I left my window open overnight by accident and it has lashed down with rain for the last 10 hours! my alcantara seat is soaking what! what should i do?

thanks in advance


----------



## tdm (Feb 2, 2007)

have you got a wet vac, if so suck it up with that, just be careful with the material...if not do your best with some drying towels, and get rid of as much water as you can....i use a little portable heater to dry out inteiors.


----------



## Serious (Mar 19, 2008)

I know this may sound backwards but trust me.

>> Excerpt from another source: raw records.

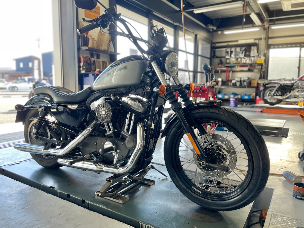 仕入れたハーレーが中古車としてショールームに並ぶまで。
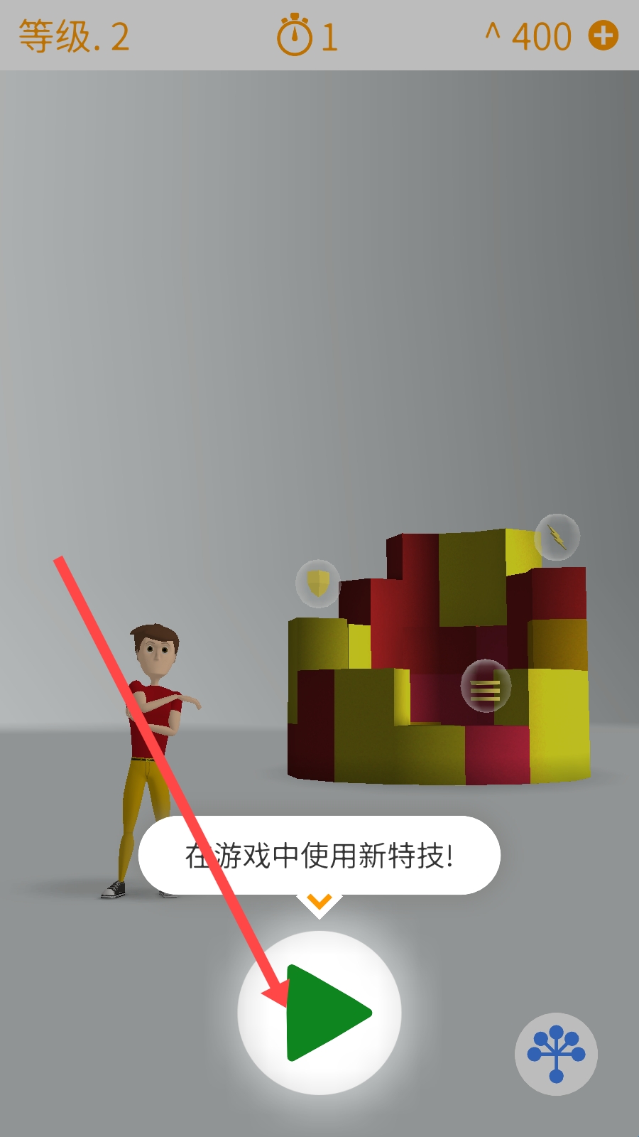 1、在游戏准备界面,点击绿色播放按钮,进入游戏关卡。
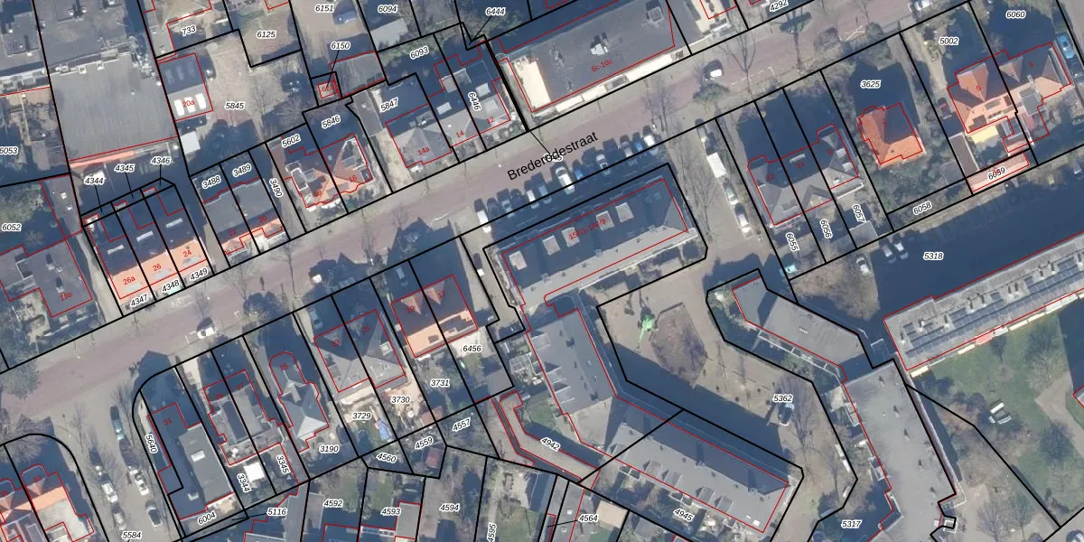 Het perceel waarop Brederodestraat 15-F-11 staat heeft een oppervlakte van 1390 m². Dit is een zeer groot perceel. De perceeloppervlakte wordt geregistreerd door het Kadaster. Gedetailleerde informatie over de maten van dit perceel kunt u vinden in het rapport Kadastrale kaart met maatvoering van Brederodestraat 15-F-11.
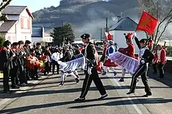 The maskarada [mas̺ˈkaɾada] is an itinerant set of traditional dances, theatre acts and parades that takes place annually in different towns and villages across the Basque region of Soule, France (Zuberoa in Basque), during the time of carnival. It is generally referred to in the plural (maskaradak) as it is repeated across the region on the streets of villages (one day per village) over the span of a month or two in late winter through spring. The plays are performed by the villages' (usually younger) inhabitants, and the arrangements for each maskarada are the responsibility of each participating village. Sometimes, when two villages are very small, they will share arrangements together.
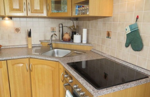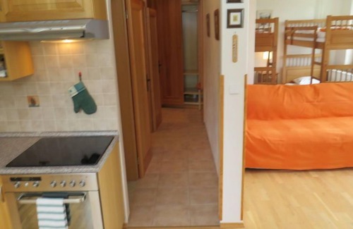 1-room studio 40 m2. Bright, comfortable furnishings: entrance hall. Open living/sleeping room with 1 double sofabed and 2 x 2 bunk beds, dining table and satellite TV (flat screen). Exit to the loggia. Kitchenette (oven, dishwasher, 4 ceramic glass hob hotplates, kettle, freezer). Bathroom, sep. WC. Heating. Balcony 10 m2. Very beautiful view of the valley and the countryside. Facilities: washing machine. Internet (WiFi, free). Please note: suitable for families. Non-smokers only.
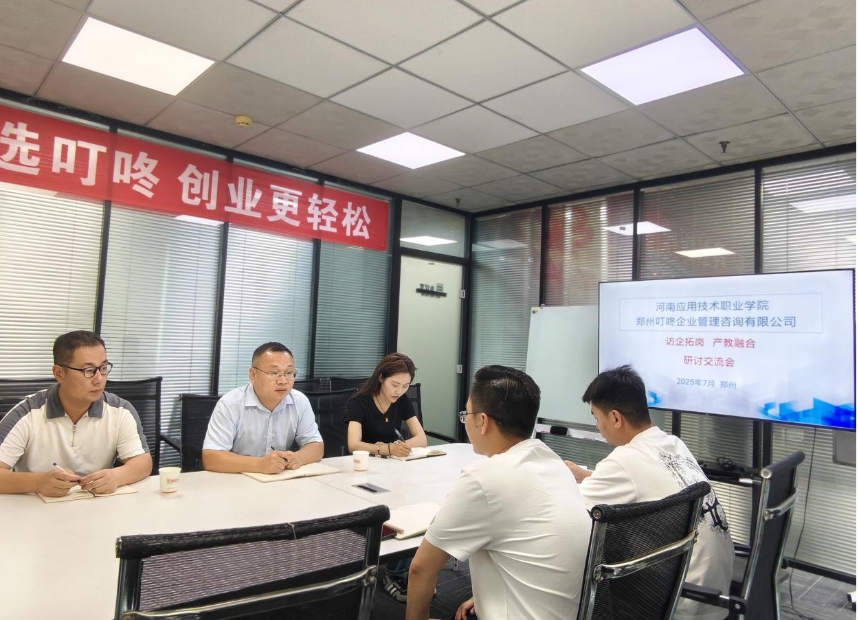 为深化产教融合,精准对接企业用人需求,7月20日,beat365英国官网网站书记张忠勇带领学工办主任张昂、骨干教师张永旺和赵千,走访郑州叮咚企业管理咨询有限公司,开展访企拓岗专项活动。公司副总经理王建东全程接待并组织座谈交流。
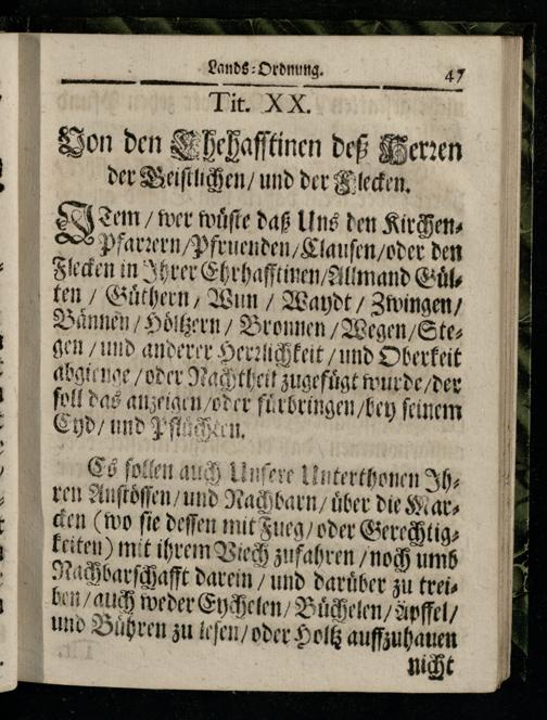 Tit. XX. Von den Thehafftinen des Herren der Geistlichen/ und der Flecken.

suck out what you can with a wet vac, If you havent got a wet vac then try to absorb as much as poss with towels. Dont rub.
Now the backward bit. If all of the seat isnt wet then wet it. Yes thats right wet the rest of the seat with a sprayer untill it is evenly wet. If you don't do this you can get tide marks/lines or water marks. These can be a real pain to remove. Then run the car with the heat on to aid drying.


----------



## andy monty (Dec 29, 2007)

Serious said:


> I know this may sound backwards but trust me.
> 
> suck out what you can with a wet vac, If you havent got a wet vac then try to absorb as much as poss with towels. Dont rub.
> Now the backward bit. If all of the seat isnt wet then wet it. Yes thats right wet the rest of the seat with a sprayer untill it is evenly wet. If you don't do this you can get tide marks/lines or water marks. These can be a real pain to remove. Then run the car with the heat on to aid drying.


if you have air con turn this on and turn on recirculate air the air con removes moisture from the air


----------



## Auto Finesse (Jan 10, 2007)

Serious said:


> I know this may sound backwards but trust me.
> 
> suck out what you can with a wet vac, If you havent got a wet vac then try to absorb as much as poss with towels. Dont rub.
> Now the backward bit. If all of the seat isnt wet then wet it. Yes thats right wet the rest of the seat with a sprayer untill it is evenly wet. If you don't do this you can get tide marks/lines or water marks. These can be a real pain to remove. Then run the car with the heat on to aid drying.


That there is good advise :thumb:


----------



## Serious (Mar 19, 2008)

james b said:


> That there is good advise :thumb:


Why thankyou.

It feels good to give.


----------



## dco_uk (Sep 4, 2008)

thanks guys, seat seems to be drying out nicely. didnt have my vac to hand to extract the water, so soaked what i could with towels. should be able to tell in the morning what the outcome is.


----------



## 91firebird (Sep 24, 2008)

cat litter and dryer sheets will absorb the moisture in the car (put the cat litter in a bin on the floor). But try to get as much out with towels first.

If the car smells after it dries (possibly from mold on the seat foam) then you will have to take off the seat cover, soak the foam in a bathtub with simple green and make sure the simple green is throughly worked in, then rinse throughly in clean water and let it completely dry for a couple days, clean the seat fabric with a cloth cleaner and scrub well, finally re-upholster the seat.

This is what I did to all my seats after I crashed into a swamp and my car flooded, now it is back to better than new condition.


----------



## Bigpikle (May 21, 2007)

91firebird said:


> This is what I did to all my seats *after I crashed into a swamp* and my car flooded, now it is back to better than new condition.


thats not an accident you hear about every day


----------



## matt (Jun 29, 2006)

Bigpikle said:


> thats not an accident you hear about every day


:lol::lol:


----------



## 91firebird (Sep 24, 2008)

Bigpikle said:


> thats not an accident you hear about every day


yeah I know, but most of our main roads border or go through the marsh/swamp so its not to uncommon hear. If you go any more than 4 feet off the road you will be in 3 feet of standing water and muck.


----------



## Leodhasach (Sep 15, 2008)

Actually that's a wee bit like where I live... :doublesho


----------



## gt5500 (Aug 6, 2008)

91firebird said:


> yeah I know, but most of our main roads border or go through the marsh/swamp so its not to uncommon hear. If you go any more than 4 feet off the road you will be in 3 feet of standing water and muck.


4 feet is not an insignificant amount to go off a road by though, I have been along roads where if you went 2 feet off the road you would be in 70ft of clean air, Hardknott pass anyone :car:


----------



## spitfire (Feb 10, 2007)

Leodhasach said:


> Actually that's a wee bit like where I live... :doublesho


Sorry to go off topic, but I know what you mean. Been over a few times. Great roads you've got up there. :thumb:


----------